TASK BRIEF: The entries below need to be transcribed exactly, without their images.

Collected data entries:
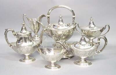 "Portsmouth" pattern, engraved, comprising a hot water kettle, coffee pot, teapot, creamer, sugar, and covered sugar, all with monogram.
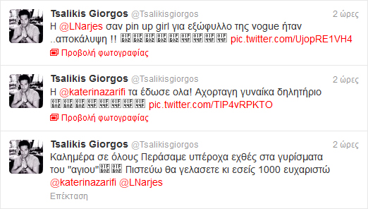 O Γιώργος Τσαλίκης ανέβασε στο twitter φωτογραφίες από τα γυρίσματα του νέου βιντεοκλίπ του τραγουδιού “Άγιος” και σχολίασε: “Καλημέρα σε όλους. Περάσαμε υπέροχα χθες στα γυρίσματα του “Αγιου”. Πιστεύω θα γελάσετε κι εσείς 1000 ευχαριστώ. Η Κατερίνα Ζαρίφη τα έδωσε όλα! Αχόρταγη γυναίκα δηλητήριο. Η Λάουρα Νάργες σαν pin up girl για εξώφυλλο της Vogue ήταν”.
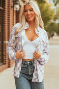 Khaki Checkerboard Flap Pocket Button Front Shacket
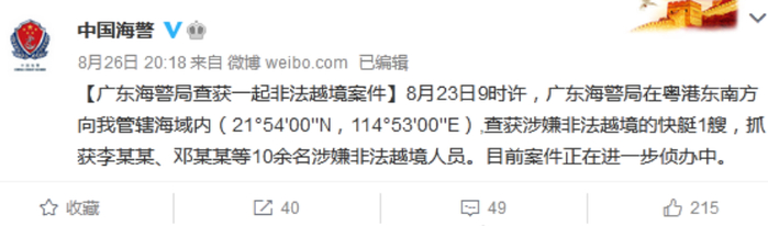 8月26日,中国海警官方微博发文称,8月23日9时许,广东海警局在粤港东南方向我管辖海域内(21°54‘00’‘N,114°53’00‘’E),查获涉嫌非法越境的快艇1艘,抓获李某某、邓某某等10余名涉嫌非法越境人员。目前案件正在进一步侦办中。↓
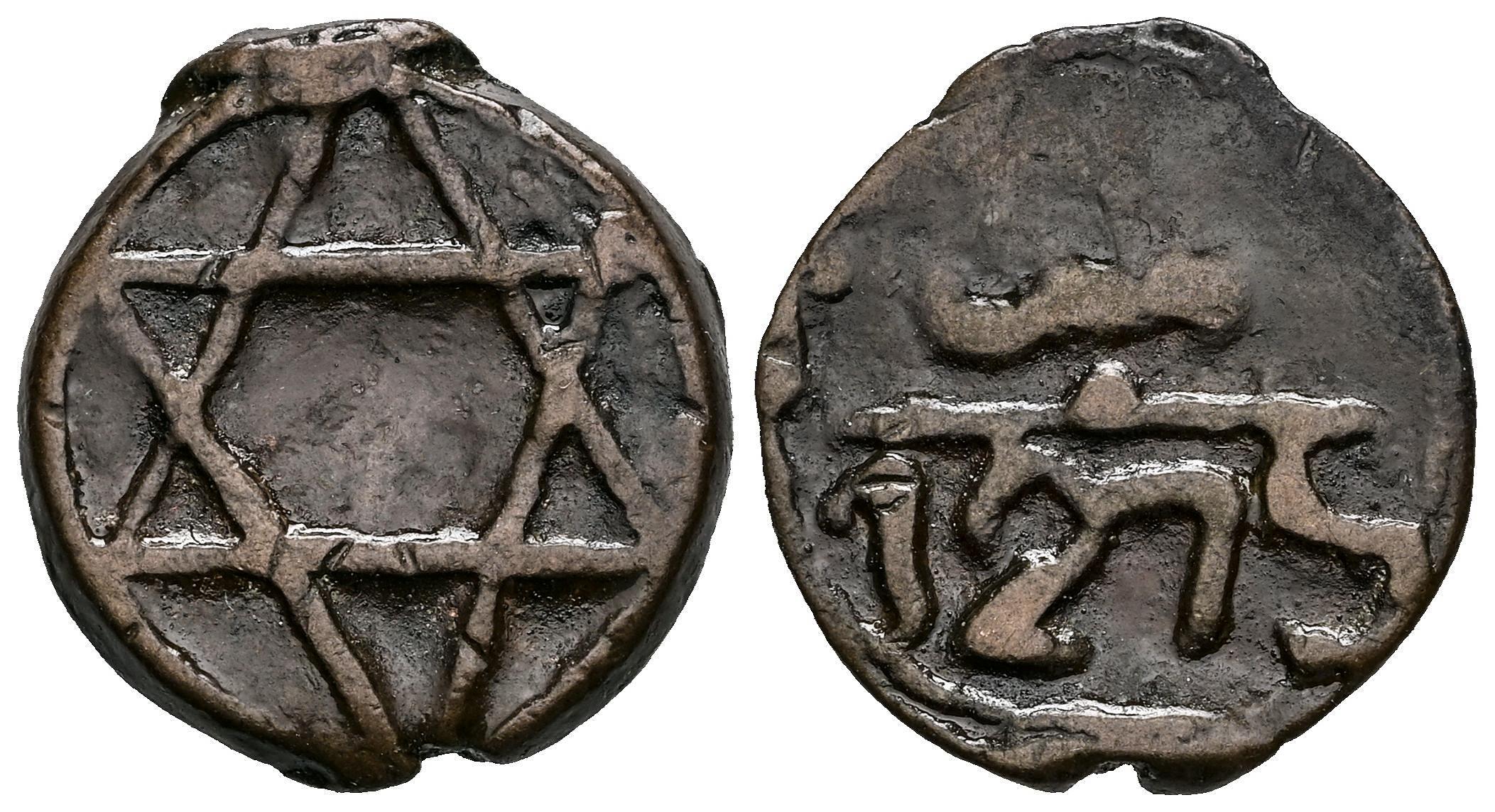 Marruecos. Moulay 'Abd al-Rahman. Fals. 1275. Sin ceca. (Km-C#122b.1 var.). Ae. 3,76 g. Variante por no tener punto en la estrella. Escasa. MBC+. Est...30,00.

TASK ANSWER:
 "Portsmouth" pattern, engraved, comprising a hot water kettle, coffee pot, teapot, creamer, sugar, and covered sugar, all with monogram.
 O Γιώργος Τσαλίκης ανέβασε στο twitter φωτογραφίες από τα γυρίσματα του νέου βιντεοκλίπ του τραγουδιού “Άγιος” και σχολίασε: “Καλημέρα σε όλους. Περάσαμε υπέροχα χθες στα γυρίσματα του “Αγιου”. Πιστεύω θα γελάσετε κι εσείς 1000 ευχαριστώ. Η Κατερίνα Ζαρίφη τα έδωσε όλα! Αχόρταγη γυναίκα δηλητήριο. Η Λάουρα Νάργες σαν pin up girl για εξώφυλλο της Vogue ήταν”.
 Khaki Checkerboard Flap Pocket Button Front Shacket
 8月26日,中国海警官方微博发文称,8月23日9时许,广东海警局在粤港东南方向我管辖海域内(21°54‘00’‘N,114°53’00‘’E),查获涉嫌非法越境的快艇1艘,抓获李某某、邓某某等10余名涉嫌非法越境人员。目前案件正在进一步侦办中。↓
 Marruecos. Moulay 'Abd al-Rahman. Fals. 1275. Sin ceca. (Km-C#122b.1 var.). Ae. 3,76 g. Variante por no tener punto en la estrella. Escasa. MBC+. Est...30,00.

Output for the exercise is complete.